Before delving into the design of DCPerf and its benchmarks, we first outline the requirements and key design considerations.

# 2.1 Easily Deployable Outside Meta

While DCPerf is designed to accurately model Meta's production workloads, a key requirement is that CPU vendors can independently set up and run DCPerf without dependence on Meta's production environment. This independence enables CPU vendors to optimize the CPU's design, microcode, firmware, and configuration during the early stages of CPU development, even before Meta has access to any CPU samples. Although Meta has a performance testing platform [6] capable of running production code and identifying minor performance differences, it is unsuitable for external use due to its dependencies on Meta's production environment.
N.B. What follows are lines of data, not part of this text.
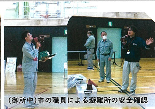
(御所中)市の職員による避難所の安全確認
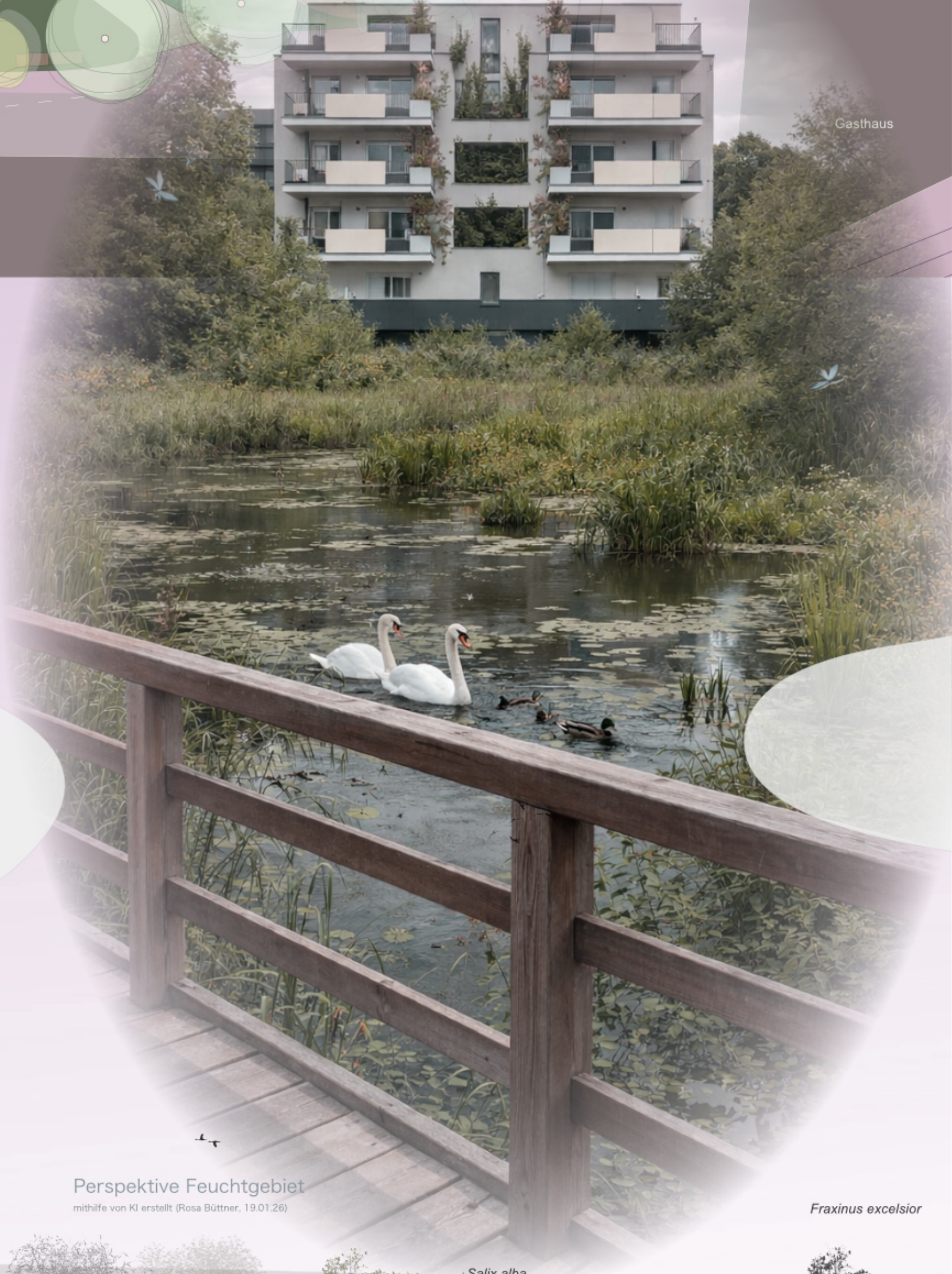
Perspektive Feuchtgebiet mithilfe von KI erstellt (Rosa Büttner, 19.01.26)
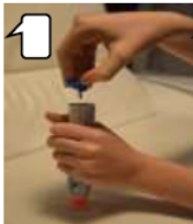
Die blaue Sicherheitskappe abziehen.
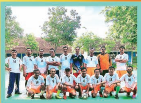
▲ Futsal Jumat Pagi
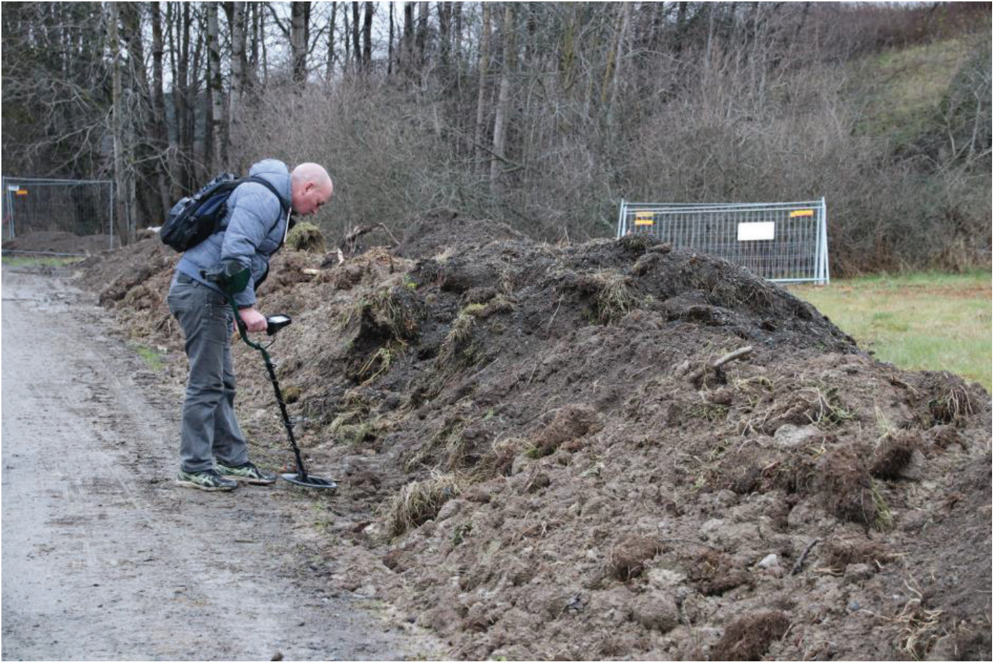
En metallsøker leter etter spor i jordmassene fra tidligere virksomhet da turveien ble lagt om i 2018.

synlig at det var henne som sto for kunnskapen om gårdsbruk i familien?!
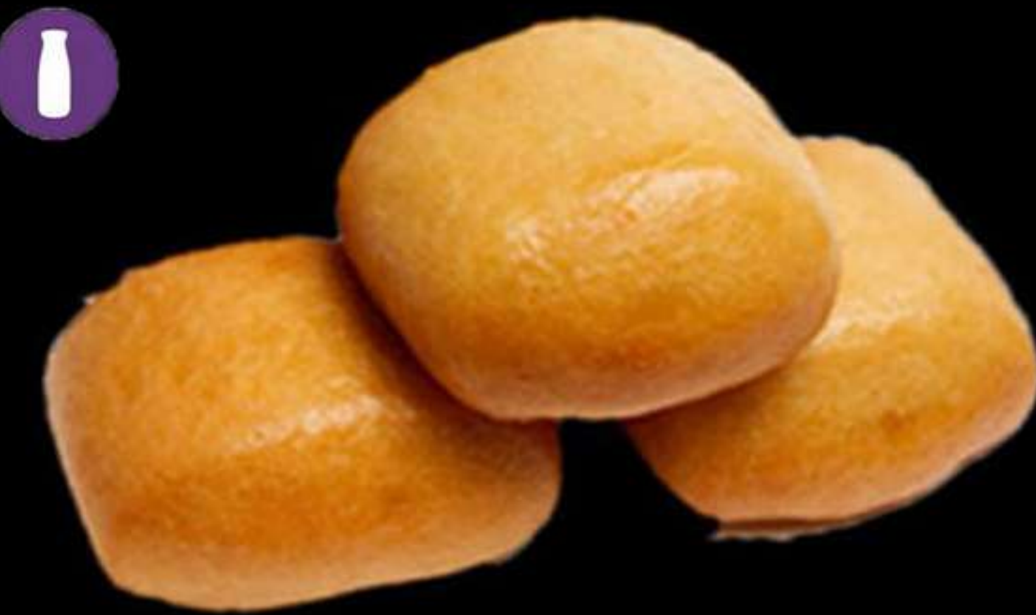
15. PA XINÈS FREGIT (2u)

Farina d'arròs, carbassa i sèsam Harina de arroz, calabaza y sèssamo

Moreover, although DCPerf is designed to model datacenter applications often running at large scale, to make it practical for developers outside Meta to use, it must operate on just one or a few servers without requiring a large-scale setup. In most cases, its benchmarks need only a single server to run. For benchmarks deployed as distributed systems, where the primary component running on one server depends on auxiliary components running on two or three other servers, only the primary component's performance is assessed. This component must be deployed on the server being evaluated, while auxiliary components can be deployed on any server. Overall, we have designed DCPerf to require only a few servers and streamlined the benchmarking process into three simple steps: clone the repository, build, and run the benchmarks.
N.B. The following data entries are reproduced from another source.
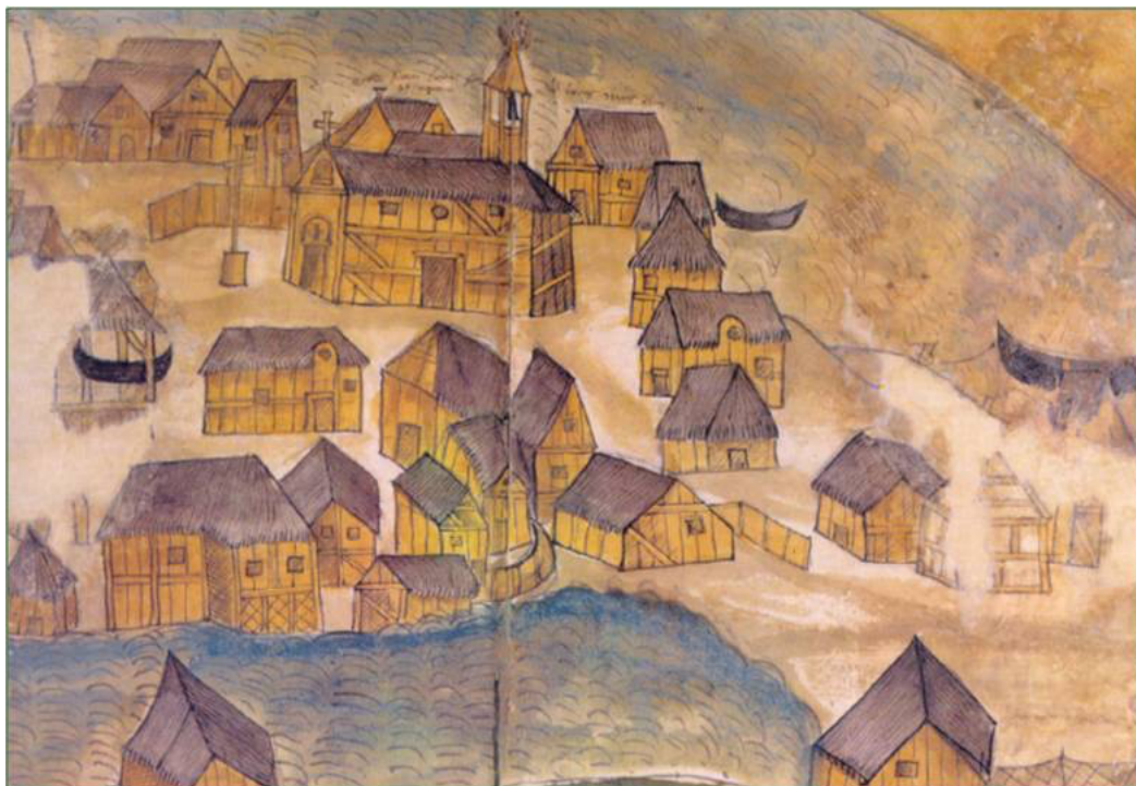
Fig. 2 | “Venezia in legno”, disegno del XVI secolo (ma probabilmente copia di un disegno medievale più antico), sito non ricostruibile con esattezza, ma collocabile nella laguna nord (Tomaso Diplovatacio, Tractatus de Venetae urbis libertate , Biblioteca Nazionale Marciana, mss. lat. XIV, n.77, cc. 22v-23r).

La Venezia delle origini non era una città di pietra, né di mattoni. Era di fango e di legno (Fig. 2). Il mito delle origini sottende una sorta di fondazione, immaginando la città da subito come monumentale. Pur nella difficoltà, Venezia avrebbe eretto i suoi monumenti, costruiti con materiali durevoli. L’archeologia ha in qualche modo avuto un ruolo nel rinforzare questa idea. Attraverso i resti archeologici rinvenuti e studiati, esposti nei musei, o attraverso le analisi delle pietre antiche conservate nelle murature della città moderna, ci si è concentrati nello studio delle reliquie solide del passato. Abbiamo studiato le pietre e le iscrizioni, che potrebbero definirsi eccezioni nel panorama urbanistico veneziano. Minore attenzione è stata riservata alle buche di palo delle case e alle rive in legno, che meglio descrivono il carattere anfibio, mutevole e precipuo della Venezia delle origini.
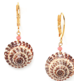
12--66506 Hook 3 g - 3 cm 29 €
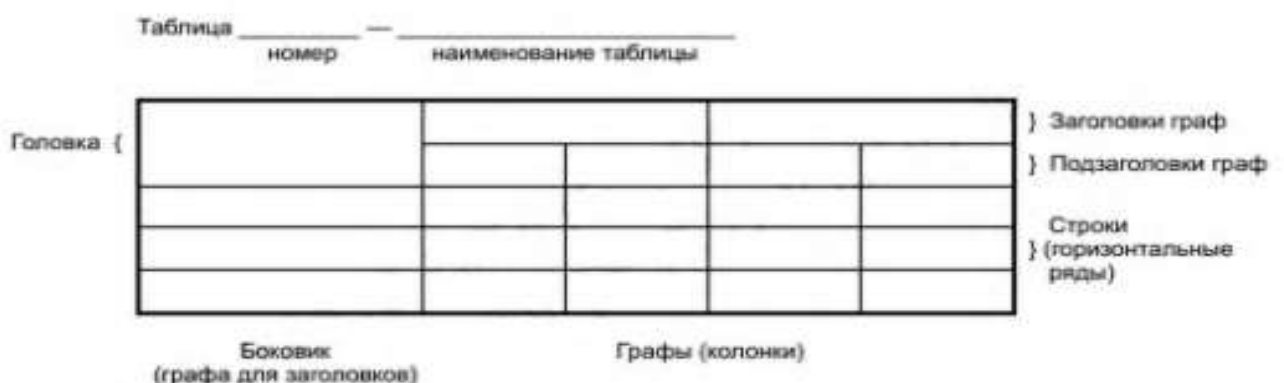
Рисунок 2 – Основные элементы таблицы

Таблицу необходимо располагать непосредственно после текста, в котором она упоминается впервые, или на следующей странице. На все таблицы в отчете должны быть ссылки. При ссылке необходимо печатать слово «таблица» с указанием ее номера: например, «представлено в таблице 1».
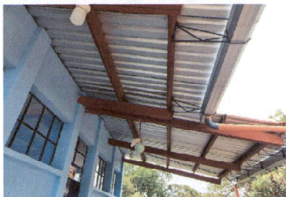
FOTO 1: SUSTITUCIÓN DE LÁMINA POR LÁMINA TROQUELADA ALUZINC CALIBRE 26 EN DOS AULAS Y DIRECCIÓN
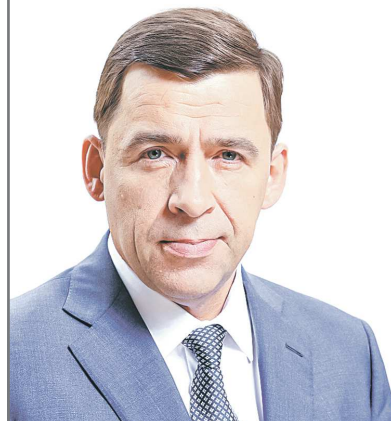
Губернатор Свердловской области Евгений КУЙВАШЕВ

#### 2.2 High Fidelity with Production Workloads

In the past, some benchmarks were designed to mimic the functionality of real-world applications but did not faithfully replicate their software architectures or traffic patterns due to a lack of access to proprietary information. For instance, RUBiS [5, 33] and TPC-W [27] mimic an auction site and an e-commerce site, respectively, and are widely used in performance studies. However, we consider such benchmarks insufficient, as they cannot accurately project the modeled application's performance on new CPUs.

In contrast, the DCPerf benchmark's software architectures and traffic patterns closely resemble those of the production workloads they model. For example, while many caching benchmarks implement a look-aside cache, DCPerf uses a read-through cache because our production systems employ it to simplify application logic. Moreover, we model the "datacenter tax" [23] associated with RPC, compression, and various libraries used in production. We also ensure that the benchmark's threading model matches that of the production system, e.g., using separate thread pools to handle fast and slow code paths depending on factors such as cache hits. On machines with many CPU cores, the benchmark spawns multiple instances to model the production system's multi-tenancy setup and ensure scalability. In contrast, insufficient scalability on manycore machines is a key limitation of CloudSuite [11]. Finally, the benchmark enforces the same service level objectives (SLOs) used in production, such as maximizing throughput while maintaining the 95th-percentile latency under 500ms for our newsfeed benchmark.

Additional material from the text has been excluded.